The proposed appointment of the writer and journalist William Shawcross as chair of the Charity Commission at least bodes well for a relatively short interregnum. John Wood, an existing board member, took over as interim chair of the regulator at the beginning of this month after the departure of Dame Suzi Leather. A starting date for Shawcross has not been given, and the proposal by the Cabinet Office to appoint him will be considered by the Public Administration Select Committee of MPs next week.

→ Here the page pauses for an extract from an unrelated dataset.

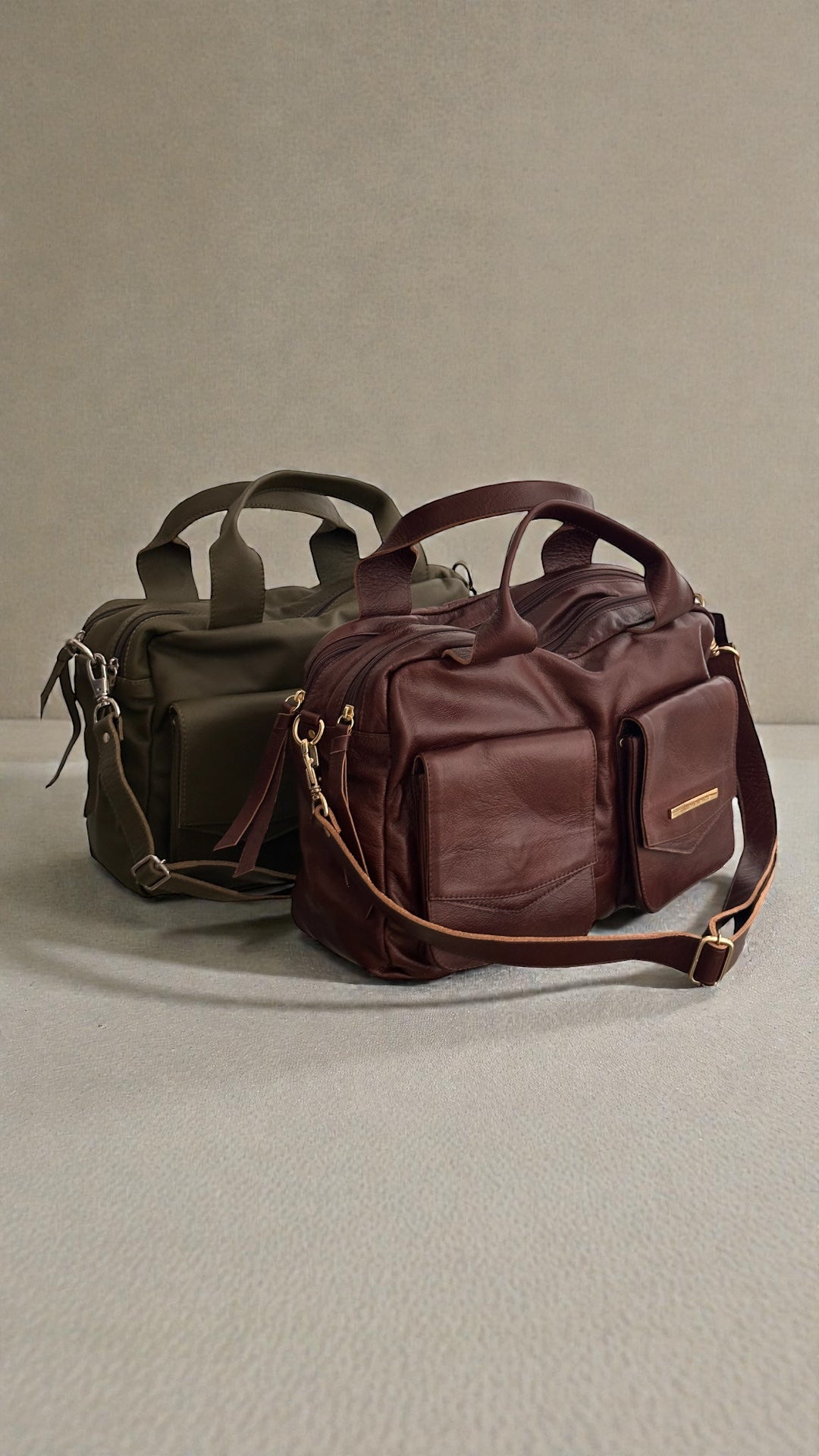Tem 3 bolsos externos, sendo 2 bolsos frontais fechados com botão magnético, 1 traseiro, fechado com zíper. Além disso, ela possui 2 bolsos principais também fechados com zíper. Dessa forma, dizemos que a bolsa COPENHAGEN tem duas divisórias principais.

It will be interesting to see what they make of him. At their farewell hearing with Leather recently, she pointed out that the person specification in the advert for her successor called for someone with “an established reputation, experience or knowledge from one or more of the private, charity or not-for-profit sectors”. Her point was that experience in the public sector had been specifically excluded.

William Shawcross

Shawcross, aged 66, is certainly not a public sector man, but neither is he a private sector animal of the kind the government has said it wants to see more of in public appointments – people who have been out there in the commercial world, running things. He’s made his reputation in the highly commercial and competitive environment of literature and journalism, but that’s not quite the same thing. He’s probably best described as an individualist.

His credentials look good in a certain part of the voluntary sector in that he is chair of Response, which helps refugees and victims of political persecution, and has been a trustee of the International Crisis Group and the Disasters Emergency Committee. Given his Eton and Oxford education, the committee might be interested in his views on public benefit and fee-charging schools, the subject on which Leather was accused of being a zealot, and on which the commission is currently rewriting its guidance after the Upper Tribunal ruling.  And given the way Leather’s six years at the commission were dogged by her membership of the Labour party, another question for Shawcross might be his political connections.

Shawcross’s CV suggests that his interests are more in geopolitics than domestic politics. His books have ranged  from Czechoslovakia to Cambodia to the fall of the Shah of Iran. He has also produced biographies of Rupert Murdoch and the Queen Mother. His most controversial writing, however, has been about the invasion of Iraq, which he supported, and the so-called war on terror. That’s the aspect of his track record that’s most likely to attract criticism.

His appointment won’t be confirmed until after the committee hearing, but it’s unlikely that anything it says will change ministers’ minds. It would be instructive to know how wide the choice of candidates was, given the cut in the pay rate and the reduction of the number of days from three to two. But it’s clearly been decided that Shawcross fits the bill, and we will have to see what the sector makes of him.